LaurentSeries expansion
Martin Albrecht
in a nutshell I want to compute something like this MAGMA session in Sage:
%magma
P<a,b,c,d> := PolynomialRing(GF(127),4);
I := ideal<P|c^3-b*d^2,b*c-a*d,b^3-a^2*c,a*c^2-b^2*d>;
S<t> := HilbertSeries(I);
S;
L<u> := LaurentSeriesRing(IntegerRing());
L ! S;
The first part is quite easy as I wrapped the appropriate Singular function
(singular.hilb(I,1)/(1-t^n)). It is the second part that gives me trouble,
i.e. I need the first n Laurent series terms for the rational function which
describes the Hilbert series.
Tips?
Martin
--
name: Martin Albrecht
_pgp: http://pgp.mit.edu:11371/pks/lookup?op=get&search=0x8EF0DC99
_www: http://www.informatik.uni-bremen.de/~malb
_jab: martinr...@jabber.ccc.de
William Stein
>
> Hi everybody,
>
> in a nutshell I want to compute something like this MAGMA session in Sage:
>
> %magma
> P<a,b,c,d> := PolynomialRing(GF(127),4);
> I := ideal<P|c^3-b*d^2,b*c-a*d,b^3-a^2*c,a*c^2-b^2*d>;
> S<t> := HilbertSeries(I);
> S;
> L<u> := LaurentSeriesRing(IntegerRing());
> L ! S;
>
> The first part is quite easy as I wrapped the appropriate Singular function
> (singular.hilb(I,1)/(1-t^n)). It is the second part that gives me trouble,
> i.e. I need the first n Laurent series terms for the rational function which
> describes the Hilbert series.
It might be a lot easier to help if you gave the rational function. Depending
on how complicated the denominator is, you basically just have to compute the
Taylor series of the rational function, by differentiation and evaluation (using
Taylor's formula), i.e., kind of like this is doing, but over GF(p):
sage: f = (x^3 + x +1)/((x^4 + x^2 + 2)*x^3*(x^3-5))
sage: f.taylor(x, 0, 4)
-1/(10*x^3) - 1/(10*x^2) + 1/(20*x) - 7/100 + x/200 + 17*x^2/200 -
103*x^3/2000 - 23*x^4/2000
-- William
Martin Albrecht
> Depending on how complicated the denominator is, you basically just have to
> compute the Taylor series of the rational function, by differentiation and
> evaluation (using Taylor's formula), i.e., kind of like this is doing, but
> over GF(p):
>
> sage: f = (x^3 + x +1)/((x^4 + x^2 + 2)*x^3*(x^3-5))
> sage: f.taylor(x, 0, 4)
> -1/(10*x^3) - 1/(10*x^2) + 1/(20*x) - 7/100 + x/200 + 17*x^2/200 -
> 103*x^3/2000 - 23*x^4/2000
Hi,
sorry for not being specific enough earlier. In my particular application
f(t) = p(t)/(1-t)^n
where p is a polynomial with integer coefficients. So I am not actually
working over GF(p) and in that case the Taylor expansion seems to give me
what I want. However as I am looking into this now, I try to come up with
something more general. I am wondering what Magma is doing (maybe just Taylor
as well?) and if we want this too, e.g. that
sage: L.<t> = LaurentSeriesRing(IntegerRing())
sage: L(f)
returns the expansion? Would that make sense? Is it feasible?
William Stein
>
> > It might be a lot easier to help if you gave the rational function.

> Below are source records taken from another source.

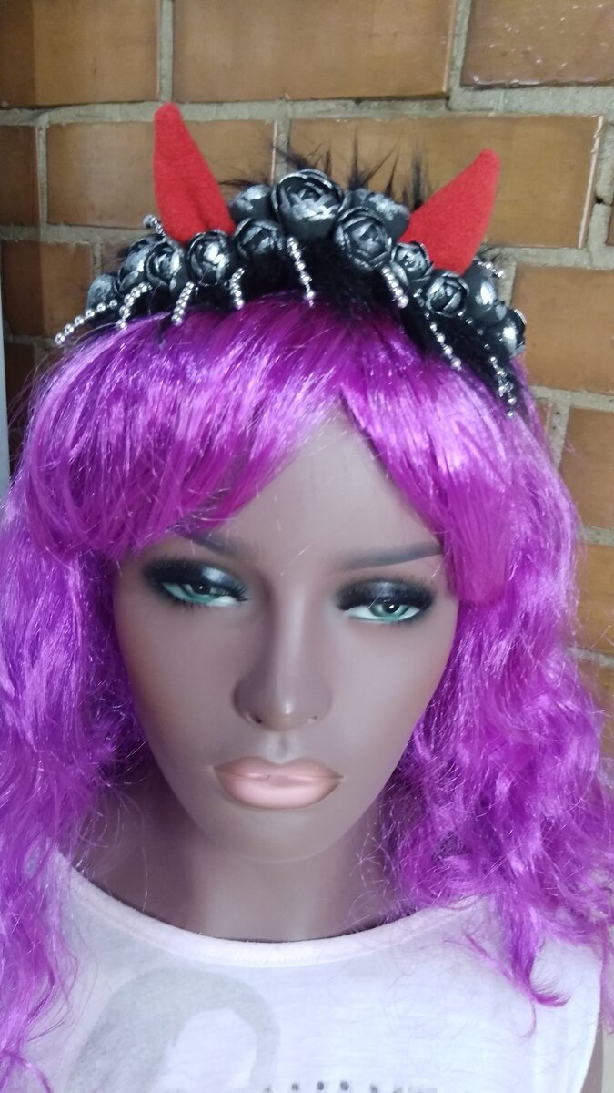 (В статье есть видео.) Вот и праздники уже подошли к нашему порогу. Хоть и хэллоуин не наш праздник, но все чаще и чаще встречаешь и слышишь от людей, что к нему готовятся и празднуют. И поэтому я предлагаю вам сделать самостоятельно красивые черные рожки, как атрибут карнавального костюма. который можно одевать не только на хэллоуин, но и на новый год и рождество. Для этого нам необходимо подготовить основу - ободок, кусочки флиса красного, набивной материал, фетр черный для основы 15 - 16 см. на 3 см ( у меня драп), цветочки из черного фоамирана, полоска длиношерстного черного меха и нитка серебряных бусин для украшения. Для изготовления ободка рожки подготовим ободок и основу. Вырежем основу 15-16 см на 3 см, округлим её. Нам необходимо подготовить розочки из фоамирана или взять уже готовые. Из флиса сделаем заготовки для рожек. Флис хороший тянущийся материал, поэтому у нас легко получатся красивые рожки. За дальнейшим процессом изготовления можно проследить здесь. У нас с вами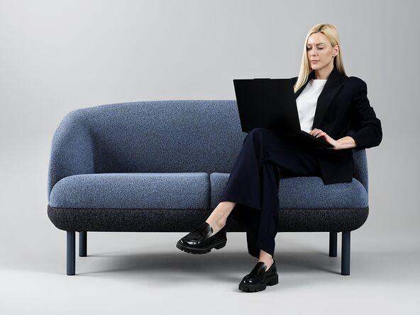 Canapé 2 places professionnel Alma de Dinavi, avec structure soignée, assise confortable, finition tissu bicolore et pieds métal thermolaqué. Existe aussi en version pieds bois.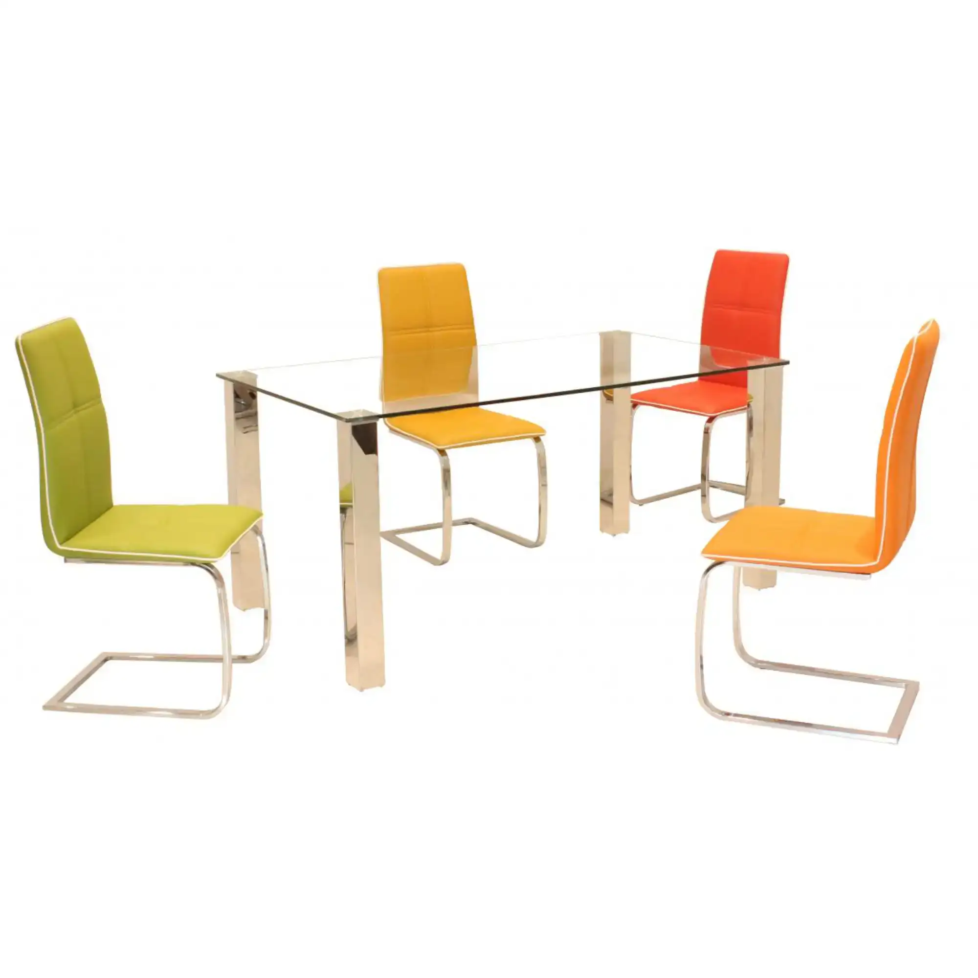 Glass Dining Table with Stainless Steel Legs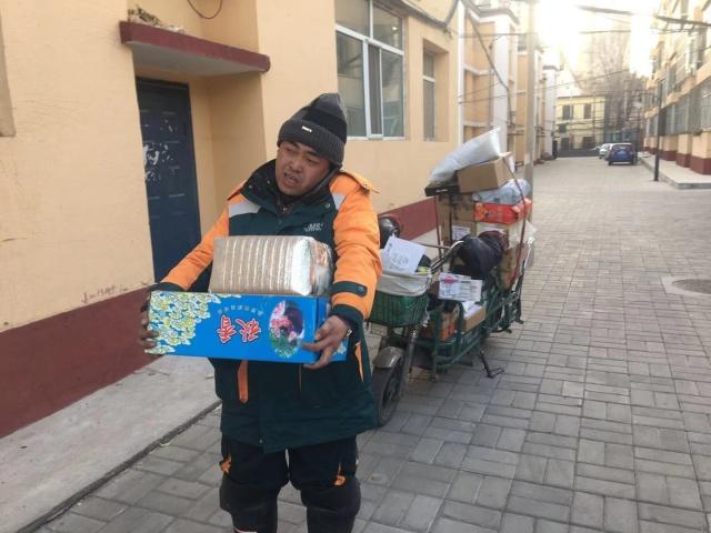 陈雷在小区里一边送件一边接听电话。新华社记者王浩程摄

> > Depending on how complicated the denominator is, you basically just have to
> > compute the Taylor series of the rational function, by differentiation and
> > evaluation (using Taylor's formula), i.e., kind of like this is doing, but
> > over GF(p):
> >
> > sage: f = (x^3 + x +1)/((x^4 + x^2 + 2)*x^3*(x^3-5))

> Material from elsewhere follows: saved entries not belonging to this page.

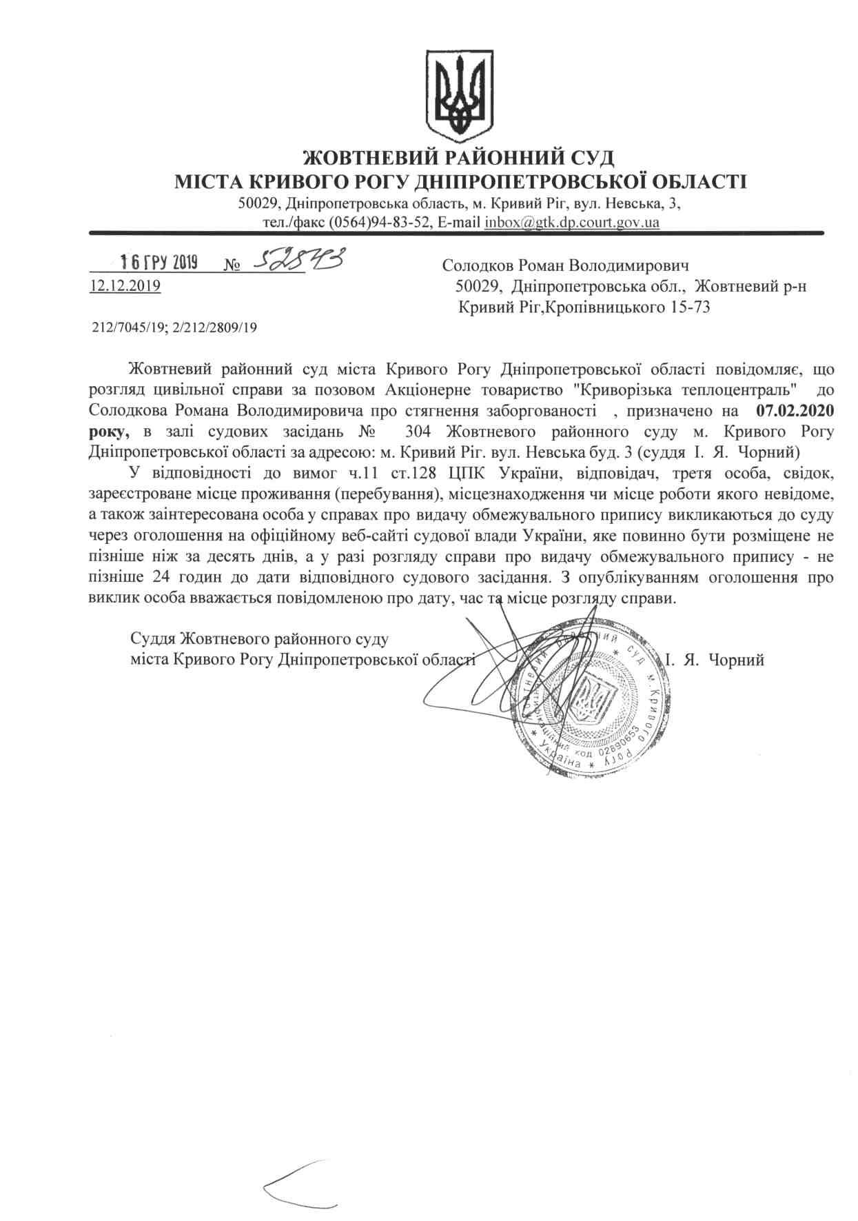 Оголошення про виклик до суду Солодков Роман Володимирович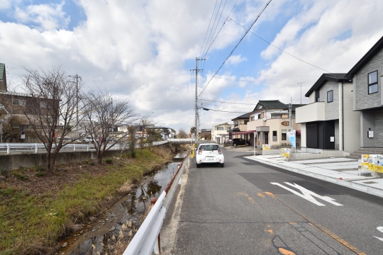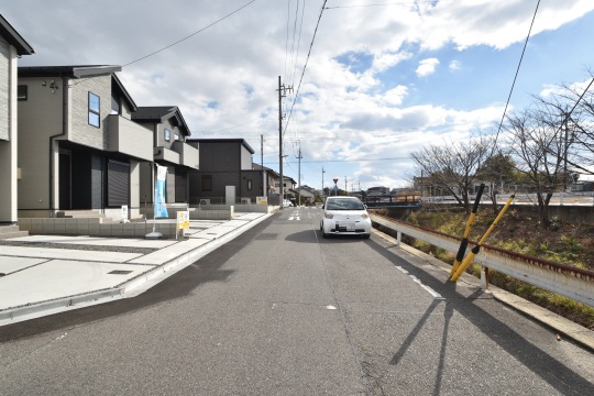 南西側幅員約5.7~5.8mの公道。交通量少なめの閑静な住宅街です。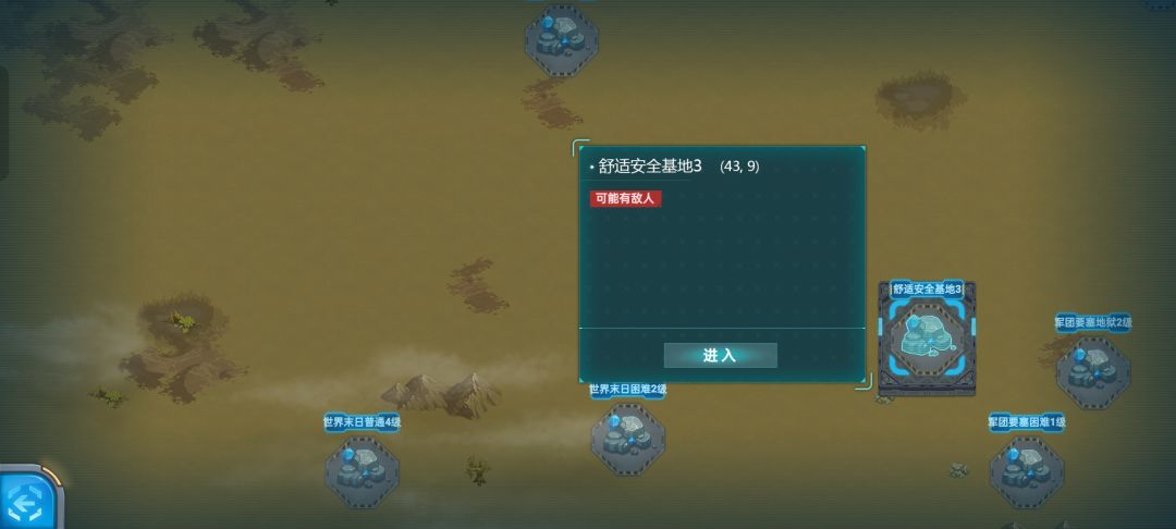 世界没敌人的大点的地图有3个吧,都开通可以做副基地用。有需要拉出来大批量生产一批,可以用挺久。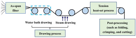 The post-spinning process of the PLLA/PDLA fiber is shown in Figure 10. The drawing process consisted of two steps: water bath drawing at 62 ± 2 °C and steam drawing. The total drawing ratio was up to 3 times. To obtain PLLA/PDLA fiber with different stereo-complex rate, a high-temperature tension heat-setting process at 160 °C, 170 °C, 180 °C, and 190 °C was adopted respectively.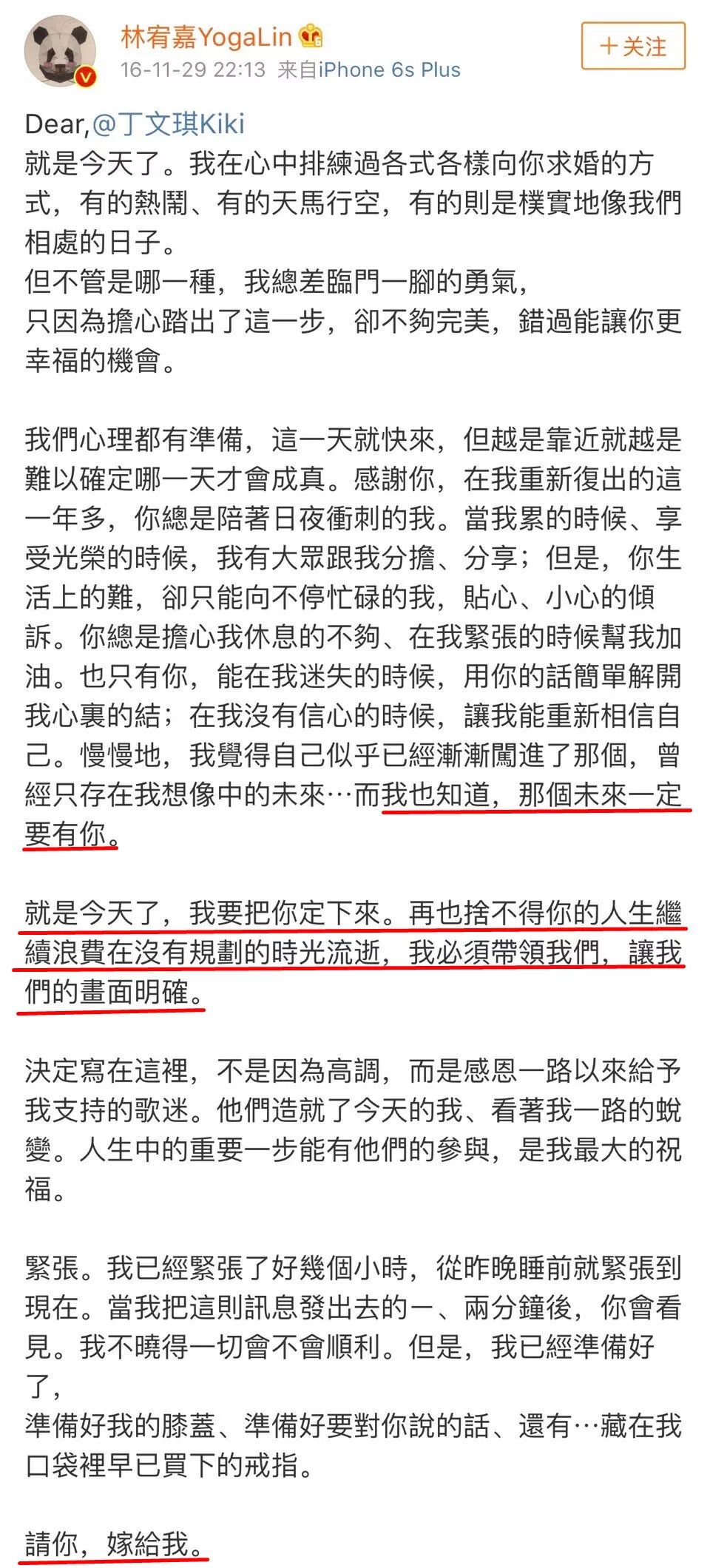 Yoga长文求婚,浪漫全微博

> > sage: f.taylor(x, 0, 4)
> > -1/(10*x^3) - 1/(10*x^2) + 1/(20*x) - 7/100 + x/200 + 17*x^2/200 -
> > 103*x^3/2000 - 23*x^4/2000
>
> Hi,
>
> sorry for not being specific enough earlier. In my particular application
>
> f(t) = p(t)/(1-t)^n
>
> where p is a polynomial with integer coefficients. So I am not actually
> working over GF(p) and in that case the Taylor expansion seems to give me
> what I want. However as I am looking into this now, I try to come up with
> something more general. I am wondering what Magma is doing (maybe just Taylor
> as well?) and if we want this too, e.g. that
>
> sage: L.<t> = LaurentSeriesRing(IntegerRing())
> sage: L(f)
>
> returns the expansion? Would that make sense? Is it feasible?
Yes that makes sense and would be a great idea to do.
In your particular case above, you should write
p(t)/(1-t)^n = p(t) * (1/(1-t))^n
then expand 1/(1-t) out as a geometric series, raise it to the
power of n, and multiply it by p(t). You actually will get
a power series rather than a Laurent series, (1-t) has no pole
at 0.
William